Policjanci rozmawiali z ekipą pogotowia, nikt się nie spieszył, nie było do kogo. Przechyliłam głowę i zobaczyłam drugie ciało, spod czarnego materiału wystawała noga, czerwona nogawka. Policjant podszedł do brezentu i podniósł go, nie widziałam nic poza długimi, blond włosami.
Bałam się, ale nie mogłam odwrócić wzroku. Patrzyłam tak, dopóki tata nie podszedł i nie wziął mnie na ręce, przesadził mnie do drugiego samochodu. Pojechaliśmy do szpitala, jednak ja bardzo długo myślałam o tym wypadku. Chyba miałam nawet koszmary. Jednak już nie pamiętam, nie wiem na pewno.
Pamiętam jak w V klasie, w szkole podstawowej, nudziłam się na lekcji matematyki. Jestem humanistką, to nie moje klimaty. Ktoś zapukał do drzwi i pedagog szkolny poprosił koleżankę na korytarz. Później, na lekcji wychowawczej dowiedzieliśmy się, że tata i babcia koleżanki zginęli w wypadku samochodowym. Pamiętam jak płakała na pogrzebie, byliśmy tam całą klasą. Pamiętam jak wołała, „tatusiu, tatusiu”. Ja też płakałam. Chyba wszyscy płakali. Osierocił czworo dzieci, koleżanka z mojej klasy była najstarsza. Trumna była zamknięta.
To było dawno, inne czasy, kiedy nie było takiej świadomości, kiedy nie mówiło się, że zapinanie pasów ratuje życie. Dzisiaj jest inaczej, dzisiaj wszyscy wiemy jak ważne są pasy bezpieczeństwa oraz foteliki samochodowe. Wszyscy wiemy. Więc dlaczego tak często ludzie giną w wypadkach? Wypadają przez szybę? Dlaczego dzieci giną przewożone na kolanach opiekunów? Dlaczego koleżanka wozi dziecko siedzące obok jej fotelika? Bo to niedaleko? Bo tu jest małych ruch? Bo przecież jest sucho a ona jedzie wolno? Bo kupując trumnę dziecku zapłaci zaledwie 8% podatku VAT a za ubranka dla małej aż 23%?

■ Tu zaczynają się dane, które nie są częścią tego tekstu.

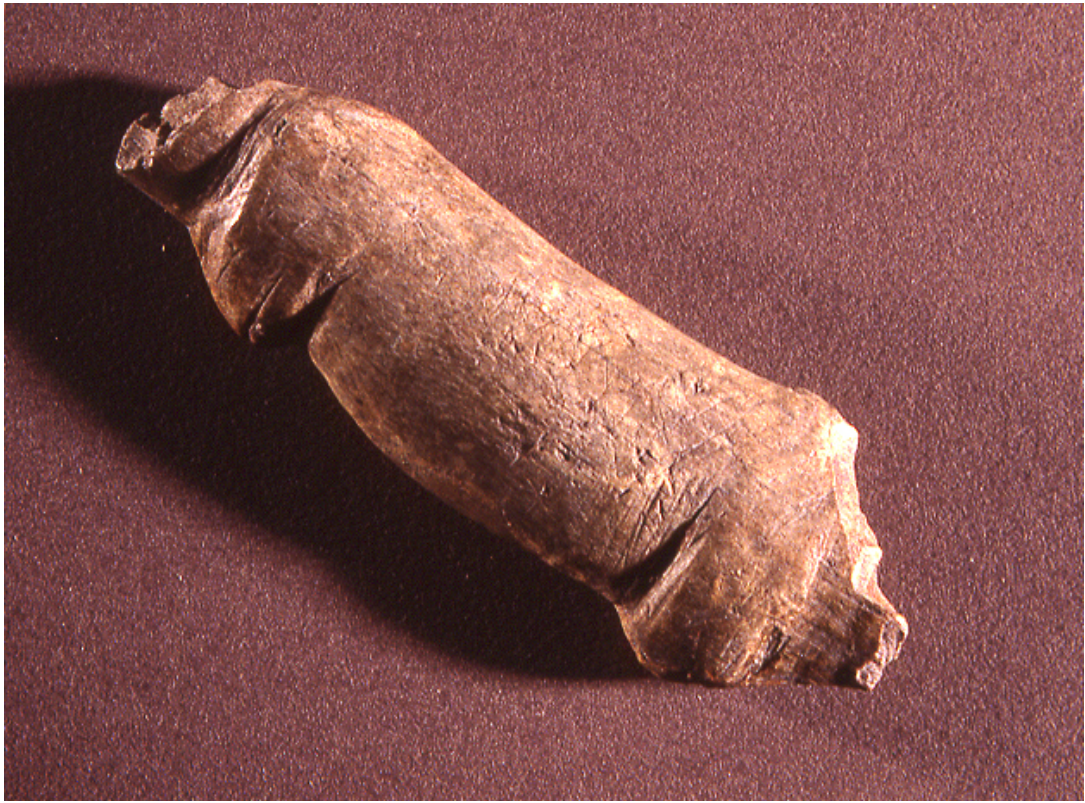
Animal en ronde-bosse
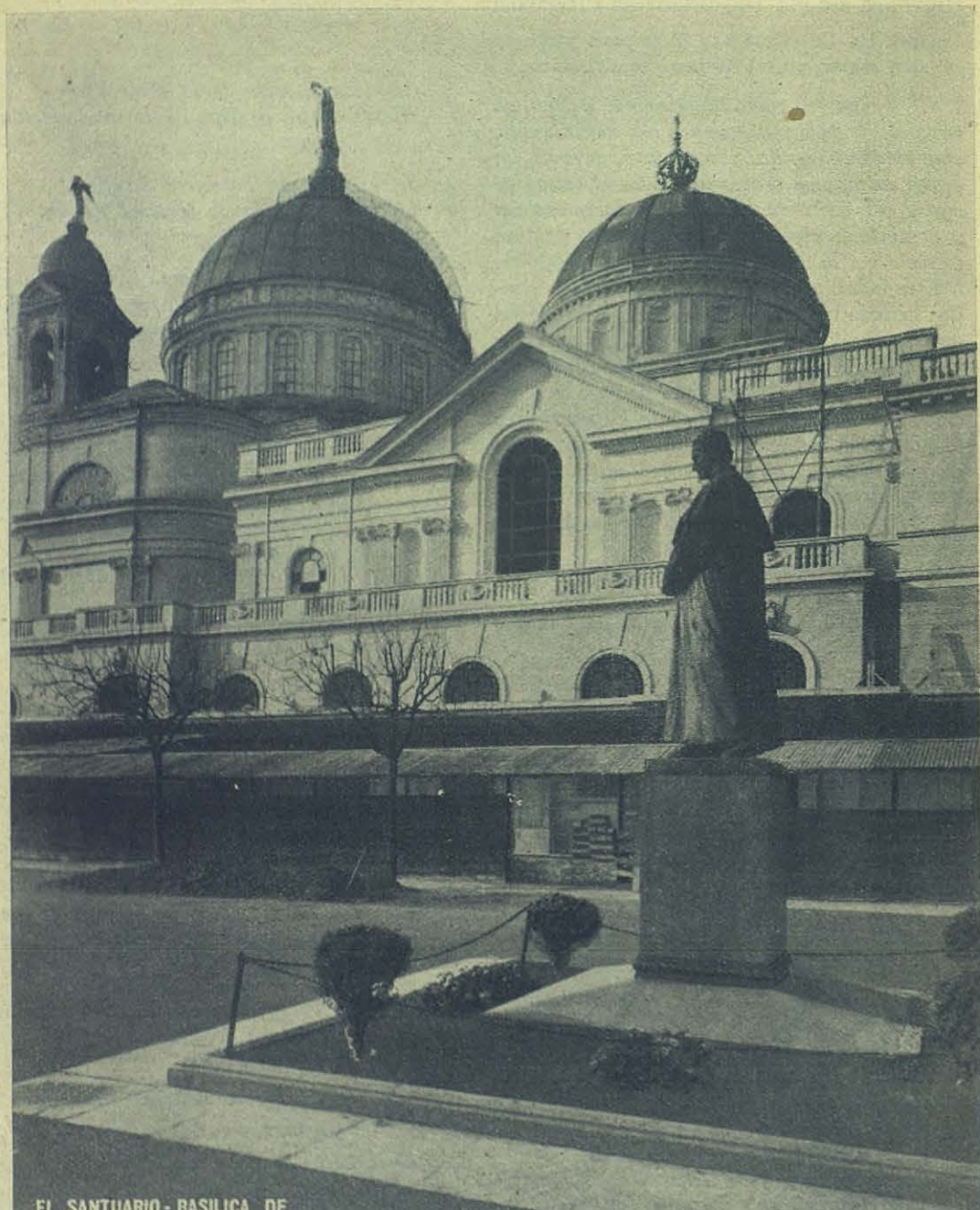
EL SANTUARIO - BASILICA DE MARIA AUXILIADORA DE TURIN, AMPLIADO Y EMBELLECIDO

Ningún devoto de "la Virgen de Don Bosco" debe dejar de contribuir, poco o mucho, a este homenaje mundial.
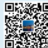
香港招商聯絡處微信公眾號
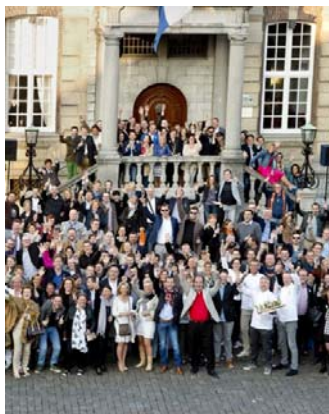
Roermond even culinair centrum van Europa

Statystycznie to kobiety częściej zapinają pasy, uważane są zresztą za rozsądniejsze i bardziej odpowiedzialne, więc może i tak jest. Mąż koleżanki nie zapinał nigdy pasów, było mu niewygodnie, poza tym twierdził, że to pasy bezpieczeństwa czasem są powodem śmierci, poniesionej w wypadku. Często się o to kłócili, szczególnie jak gdzieś razem jechali, wtedy czasem ustępował.
Jechali do jej matki, razem z synem, kazała mu zapiąć pasy bezpieczeństwa, marudził, jednak zapiął. Wyjeżdżając z miasta mieli wypadek, samochód jadący na przeciwko zjechał na ich pas, uderzyli w drzewo. Cała trójka miała odbite czerwone ślady na klatkach piersiowych, ślady od pasów bezpieczeństwa. Trafili na obserwację do szpitala. Przeżyli. Mąż koleżanki zawsze już zapina pasy, w szpitalu powiedział jej, że do końca życia będzie ją na rękach nosił, za to że żyje. Mąż i ojciec. Dobry człowiek. Żyje.
Dasz radę utrzymać na rękach słonia? Taką masę będzie miało Twoje dziecko w chwili zderzenia. Twoje ramiona go nie ochronią.
Niezapięty z tyłu kumpel siedzący za Tobą, w chwili zderzenia przełamie nie tylko oparcie Twojego fotela. Zmiażdży Cię. Naprawdę masz siłę zmierzyć się z masą uderzeniową 3750 kg? To tylko 50km/h i 75 kg wagi pasażera.